In this module, the retrieval field is the citation context. The indexes of 17,551,920 citation contexts have been created. Researchers use topic terms to search the relevant citation contexts. But the citation contexts are not the final results. The references corresponding to these citation contexts are the results that researchers want to get. Each citation context corresponds to one or more references. The results will be ranked by corresponding counts of the citation context. Each retrieved reference has a unique reference link to the title and abstract of the reference. Figure 3 shows an example of retrieval references related to “lung cancer”. “Parkin DM, 2005, CA Cancer J Clin, V55, P74” ranked first in the results. It was cited by 55 sentences, which means that “Parkin DM, 2005, CA Cancer J Clin, V55, P74” was cited 55 times on the topic of “lung cancer”. The general information about this paper can be found through the linkage. “Parkin DM, 2005, CA Cancer J Clin, V55, P74” might also have been cited numerous of times on other topics. The citation context retrieval module which we discussed later provides the total cited times and topics of a chosen reference.

Fig. 3
figure 3

An example of reference retrieval

Citation context retrieval module

The retrieval field of this module is the reference field. Researchers could use author, year, and/or journal information to find target references. The results show the citation frequency and citation contexts of the references. One reference could have one hundred citation contexts or even more. It is time consuming to read all these citation contexts. So we further analyzed citation contexts from two aspects. One is a topic analysis; the other is a classification of citation context. Tag cloud is employed to represent the citation contexts with topic terms in the topic analysis. Tag cloud (word cloud or text cloud) is a visual representation for text data, typically used to depict keyword metadata (tags) on websites, or to visualize free-form text. Tags are usually single words, and the importance of each tag is shown with font size or color (Halvey and Keane 2007). An example is showed in Fig. 4. The reference “Parkin DM, 2005, CA Cancer J Clin, V55, P74” is used in this example which is the one we used in the reference retrieval module. 554 citation contexts have been retrieved. The reference retrieval module has retrieved 55 of 554 citation contexts related to “lung cancer”. The other citation topics of this reference were represented in tag cloud. Figure 5 shows the tags cloud of the citation contexts with single words. The main citation topic of this reference is the common causes of cancer death. The citation subtopics involve different kinds of cancer, different countries and genders that cancer occurs. Lung cancer is just one aspect of the citation topics.

Fig. 4
figure 4

An example of citation context retrieval

Fig. 5
figure 5

Tag cloud of citation contexts

A tag cloud could give us a more intuitive summary of which part the content of a paper has been cited. But we do not know the motivation of the citer. When the citer cited a paper, did he attempt to praise the work or criticize some drawbacks? Such motivation information will be very helpful for the user to comprehend the impact of a cited paper. We design a classification function to classify citation contexts based on the motivation of citers. Normally, semantic analysis is used to analyze the sentiment of a sentence in Natural Language Processing. But there are few sentiment words in scientific papers. It is hard to appraise the citation context with semantic analysis method (Verlic et al. 2008). Therefore, we choose to use the cue words method in a similar way as it has been used in recent work, notably by Small (2011) and Teufel et al. (2006).

Following the work of Spiegel-Rösing (1977) and Teufel et al. (2006), citation contexts will be classified into three categories as positive, negative and neutral. Table 1 shows the description of each category. The positive category has three sub categories and the negative category has two sub categories. Table 2 lists some cue word instances corresponding to each category. The subject of each sentence is also needed during the classification. The sentences “We use this tool…” and “They use this tool…”correspond to different categories. The passive voice will be converted to the active voice before classifying.

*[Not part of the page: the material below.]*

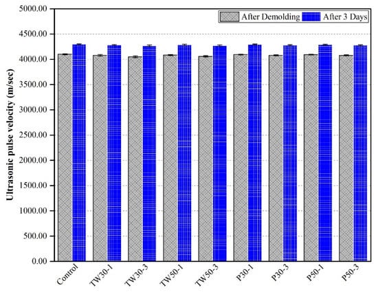 Ultrasonic pulse velocity (UPV) results for all prismatic mortar specimens after demolding and curing in water for three days are shown in Figure 10. The control mix had velocities of 3600 m/s and 4300 m/s after demolding and curing, respectively. The remaining eight mixes had slightly lower velocity values than the control mix. The UPV of the remaining eight mixes (TW30-1, TW30-3, TW50-1, TW50-3, P30-1, P30-3, P50-1, and P50-3) were 3560 m/s and 4285 m/s, 3500 m/s and 4270 m/s, 3574 m/s and 4289 m/s, 3520 m/s and 4275 m/s, 3591 m/s and 4291 m/s, 3550 m/s and 4280 m/s, 3596 m/s and 4293 m/s, and 3555 m/s and 4281 m/s, respectively. The addition of tea waste and perlite particles reduced the velocities of the specimens. This reduction might be due to the presence of porous ICAs. The effect of porosity may vanish over time when complete hydration occurs and a denser microstructure forms.

Table 1 The description of each category
Table 2 The cue words of each category

The classification function is next to the “cloud” button (see Fig. 4). When clicking on the “classify” button, the classification results will be shown to the user. For the reference “Parkin DM, 2005, CA Cancer J Clin, V55, P74”, there are 25 positive citation contexts, 529 neutral citation contexts, and no negative citation context. This reference is about the study of global cancer statistics, so most of the citation contexts are neutral.

Result testing

Reference retrieval testing

In order to check the performance of the retrieval system, 26 new papers with 751 citation contexts from BMC Bioinformatics were collected. The topics of each citation context were identified with 1–4 topic words manually. For example, the sentence “As a feature of reaction rules, some techniques focus on physicochemical properties and structures (Small 1973)” will be tagged with “physicochemical”, “properties”, and “structures”. These topic words are used as retrieval terms to search references. Not all the citation contexts have topic words: for example, “It evolves the two different populations within the context of each other (Kessler 1963; Mei and Zhai 2008)”. The citation topic of this reference might have been expressed in the sentences before or after this citation context. The dataset was divided into four groups by time period, in order to check the influence of time. We chose 50 citation contexts which have explicit topic words for each period. The papers published earlier tend to receive more citations. So we expect that the retrieval system will perform better on the early time period. If the corresponding reference of a citation context appears among the top ten retrieval results, we mark this retrieval as a successful retrieval. Otherwise, we mark it as an unsuccessful retrieval.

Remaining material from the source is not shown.